At first glance the evaluation set appears to be roughly on par with the training set. A number of missing values exist, but not in vast proportions.

# Factor categorical variable Brand.Code
dfe$Brand.Code <- factor(dfe$Brand.Code)

# Generate corr plot for pairwise correlations
corr1 <- cor(dfe[,2:(ncol(dfe)-1)], use='complete')
corrplot::corrplot(corr1, method='square', order='hclust', type='full', diag=T, tl.cex=0.75, cl.cex=0.75)

Like the training set data, some collinearity exists between pairs of variables.
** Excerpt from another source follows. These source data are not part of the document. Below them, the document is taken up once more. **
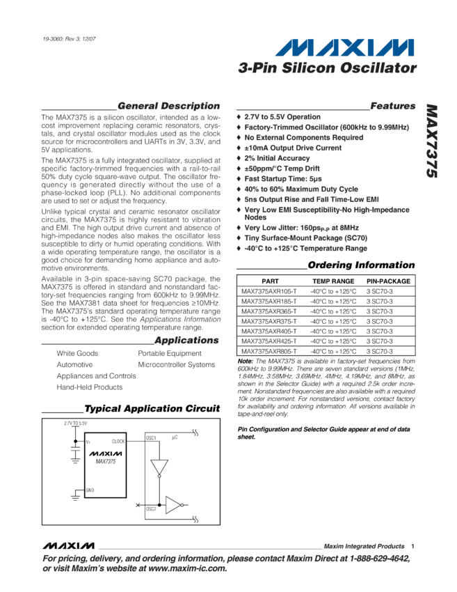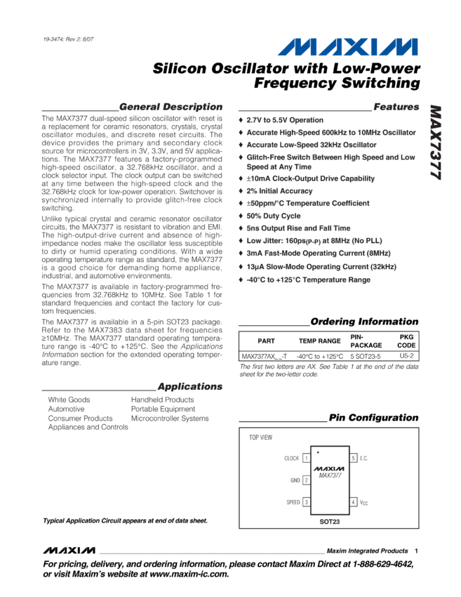 MAX7377 Silicon Oscillator with Low-Power Frequency Switching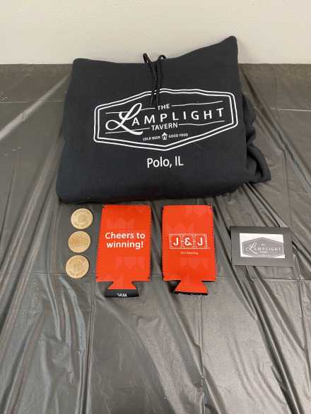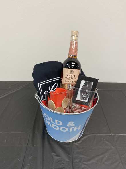 Start the evening by toasting James Beam Distilling Basil Hayden Dark Rye Whiskey with your favorite person! Share some memories while sipping from two Old Fashioned glasses, then head to The Lamplight Tavern to meet up with friends. Includes $25 Lamplight gift card, size S black hoodie, size XL red t-shirt, two koozies, and three drink chips, all in a Busch Light metal bucket.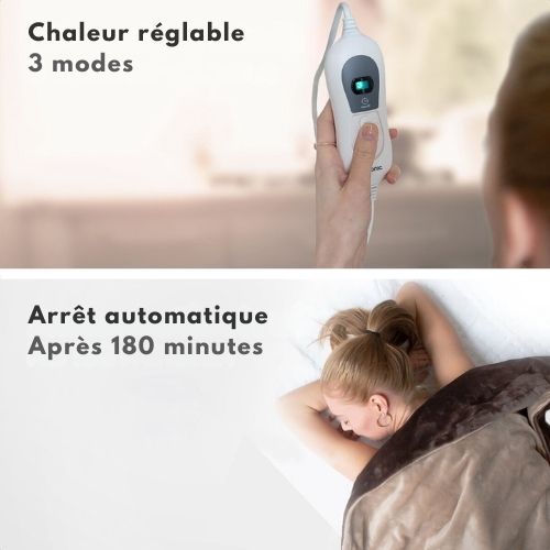 Selon votre choix, vous pouvez séléctionner 3 différents niveaux de chaleurs avec la couverture. De plus, cette couverture est facile à utiliser. Elle s'éteint automatiquement après 180 minutes et dispose d'une protection contre la surchauffe. La matière flanelle extra douce et respirante peut être lavée à la main.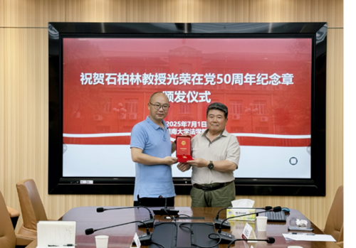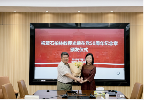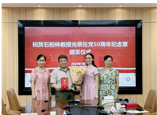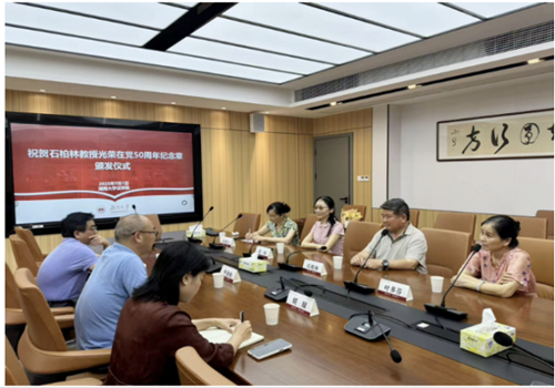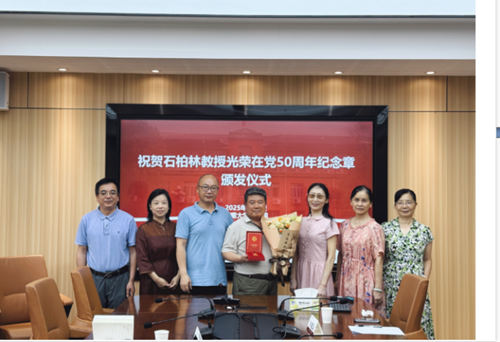在学院216会议室为石柏林老师举行“光荣在党50年”纪念章颁发仪式。仪式由退休支部书记刘琦老师主持,院党委书记李劲松,院党委副书记、纪委书记胡琼,副处级组织员马启明,退休支委叶多芬、朱建云参加,共同见证这一光荣时刻。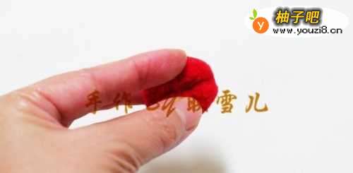 4用热溶胶将仿皮绳粘入毛球中心。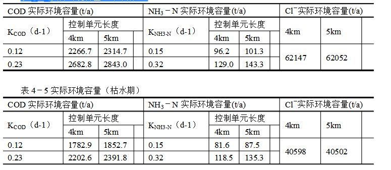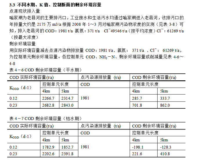 理想環(huán)境容量中扣除非點源污染物入河量后為實際環(huán)境容量,污染源調(diào)查中調(diào)查了老縣河匯水區(qū)面積、徑流量、徑流水質(zhì),并計算了面源污染物入河量(見表3-7),將整個匯水區(qū)內(nèi)(65km)面源污染物入河量按比例折算為控制單元內(nèi)面源污染物入河量,各控制單元理想環(huán)境容量扣除相應(yīng)面源入河量得到各控制單元實際環(huán)境容量。見表4-3.

The same variables appear to be correlated as in the training set:

  • Carb.Volume
  • Carb.Rel
  • Alch.Rel
  • Density
  • Bailing
  • Bailing.Lvl
# Count NAs per column
missing_values <- data.frame(colSums(is.na(dfe[,-1])))
missing_values$Variable <- row.names(missing_values)
colnames(missing_values) <- c('Missing.values', 'Variable')
missing_values %>%
    dplyr::select(Variable, Missing.values) %>%
    arrange(desc(Missing.values)) %>%
    flextable() %>%
    width(width = 2) %>%
    fontsize(size = 10) %>%
    line_spacing(space = 1) %>%
    hline(part = "all") %>%
    set_caption('Missing values')
Missing values

Variable

Missing.values

MFR

31

Filler.Speed

10

Fill.Ounces

6

PSC

5

PSC.CO2

5

PC.Volume

4

Carb.Pressure1

4

Hyd.Pressure4

4

PSC.Fill

3

Oxygen.Filler

3

Alch.Rel

3

Fill.Pressure

2

Filler.Level

2

Temperature

2

Usage.cont

2

Pressure.Setpoint

2

Carb.Rel

2

Carb.Volume

1

Carb.Temp

1

Hyd.Pressure2

1

Hyd.Pressure3

1

Density

1

Balling

1

Pressure.Vacuum

1

Bowl.Setpoint

1

Air.Pressurer

1

Carb.Pressure

0

Mnf.Flow

0

Hyd.Pressure1

0

Carb.Flow

0

Balling.Lvl

0

Brand.Code

0

# Missing value patterns
invisible(md.pattern(dfe[,-1], rotate.names=T, plot=T))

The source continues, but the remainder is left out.